People love variety but frequently fail to make their choices. Since GPars brings several concurrency paradigms to the table, we decided to build a simplified guide helping users pick the right concept for their task.

A Short Guide

Data decomposition

---> Geometric decomposition (Parallel collections)

---> Recursive (Fork/Join)

Tasks decomposition

---> Independent tasks (Parallel collections, dataflow tasks)

---> Recursively dependent tasks (Fork/Join)

---> Tasks with mutual dependencies (Composable asynchronous functions, Dataflow tasks, CSP)

---> Tasks cooperating on the same data (Stm, agents)

Streamed data decomposition

---> Pipeline (Dataflow channels and operators)

---> Event-based (Actors, Active objects)

A Detailed Guide

Processing a collection in parallel

Whenever you come across a collection that takes a while to process, consider using parallel collection methods.
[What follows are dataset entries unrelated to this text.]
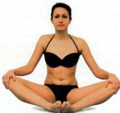
Abb. 2: Maximale Spreizfähigkeit der Hüftgelenke. Sie ist die Bedingung für das Kippen des Beckens.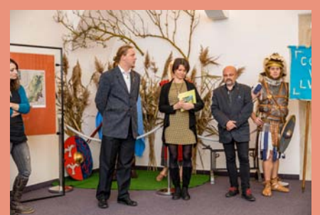
7. prosince proběhla vernisáž archeologické výstavy „Barbaři v pohybu“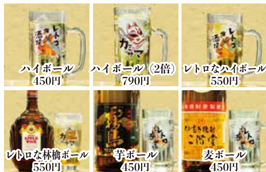
ハイボール 450円 ハイボール(2倍) 790円 レトロなハイボール 550円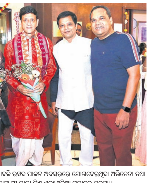
ସିଦ୍ଧାପୁରଠାରେ ଓଡ଼ିଆ ସମାଜ ପକ୍ଷରୁ ବାପାଙ୍କୁ ଉତ୍ସବ ପାଇଁ ଅର୍ପଣ କରାଯାଇଥିବା ଅଭିନେତା ତଥା ବିଧାୟକ ସିଦ୍ଧାଚନ୍ଦ୍ର ଚାଟ୍ଟୋପାଧ୍ୟାୟଙ୍କୁ ଶ୍ରୀ ମାମା ନିମ୍ନ ସମ୍ବୋଧନାରେ ସମ୍ବୋଧନା କରାଯାଇଥିଲା ।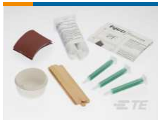
TE Teilenummer 657863-000 S1125-KIT-8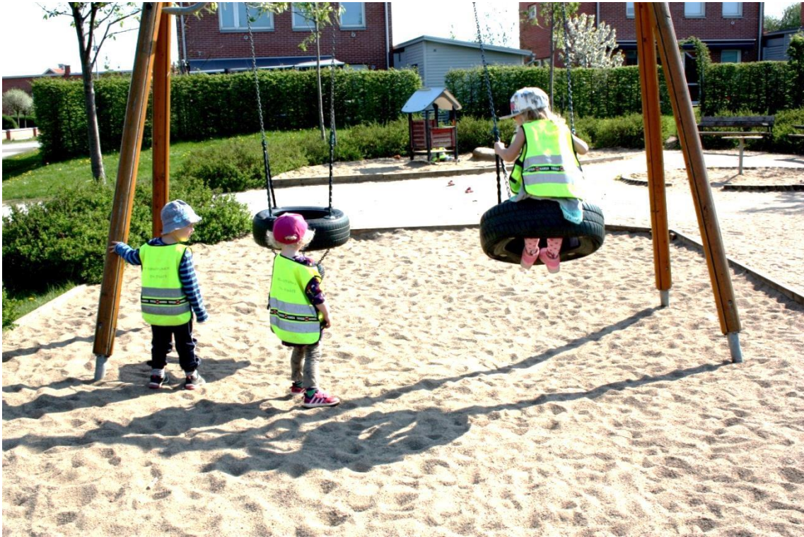
Figur 5.6 Gungor - hinder för självständig lek eller utmanande?

Det finns två gungor på platsen, många av barnen behöver hjälp av vuxen för att komma upp i gungan. Barnen blir pushade till att försöka själva, en flicka försöker länge att klättra upp på egen hand. När hon tillslut lyckas går inte stolheten och glädjen att gå miste om. Rutschkanan och gungorna används hela tiden av något av barnen, men de områden som samlar flest barn tillsammans under en längre stund är området runt stenarna med huset och gröningen med backen. En flicka sitter och känner på sanden med händerna för att sedan ta av sig skorna och undersöka sanden vidare, genom att hålla sanden på fötterna, se nedan. En pojke letar efter en magisk sten.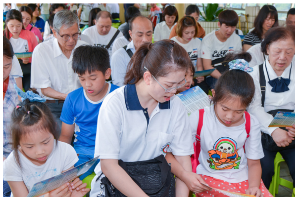
▲ 親子共同讀經，其樂融融。

Although enabling collections for parallel processing imposes overhead, it frequently outweights the ineffectiveness of sequential processing. GPars gives you two options here:

  • GParsPool, which leverages the efficient Fork/Join algorithm using a Fork/Join thread pool
  • GParsExecutorsPool, which builds on plain old Java 5 executors

Processing a collection in parallel and chaining several methods

The parallel collection methods, such as eachParallel, findAllParallel, etc., discussed above provide an easy migration path from sequential to concurrent code. However, when chaining multiple collection-processing methods it is more effective to use the map/reduce principle instead. Use GParsPool-based map/reduce operations to avoid the overhead of creating and destroying parallel collection for each parallel method in the chain. The conversion will be done only once - during the call to retrieve the parallel property of a collection. Since then the parallel tree-like data structure will be reused by all subsequent calls. The map/reduce approach should be preferred for chained parallel method calls.

Processing a hierarchical data structure or a divide-n-conquer recursive algorithm

Trees or hierarchies are naturally parallel data structures. Fork/Join algorithms process hierarchical data or problems concurrently. Use GParsPool and its Fork/Join convenience layer was designed to created Fork/Join calculations easily.

Creating asynchronous functions that will run in the background whenever executed

Long-lasting calculations can be run in the background with very little syntactic and performance overhead. Use asynchronous functions within either GParsPool or GParsExecutorsPool

  • callAsync() to invoke a closure asynchronously
  • asyncFun() to create an asynchronous closure out of the original one. 
  • Asynchronous closures can then be combined just like the original sequential ones

Building concurrent systems for large data processing

Use dataflow channels and operators to build networks of independent, asynchronous, event-driven calculations that process data. Dataflow networks are typically used for data or image processing, data mining or computer simulations.

Protecting shared piece of data from concurrent access

In some scenarios shared mutable state models the problem domain better than other paradigms. Imagine, for example, a shopping cart accessed concurrently by multiple user requests. To protect such a shared resource from concurrent modifications use Agents. They will wrap the data and guard access to it.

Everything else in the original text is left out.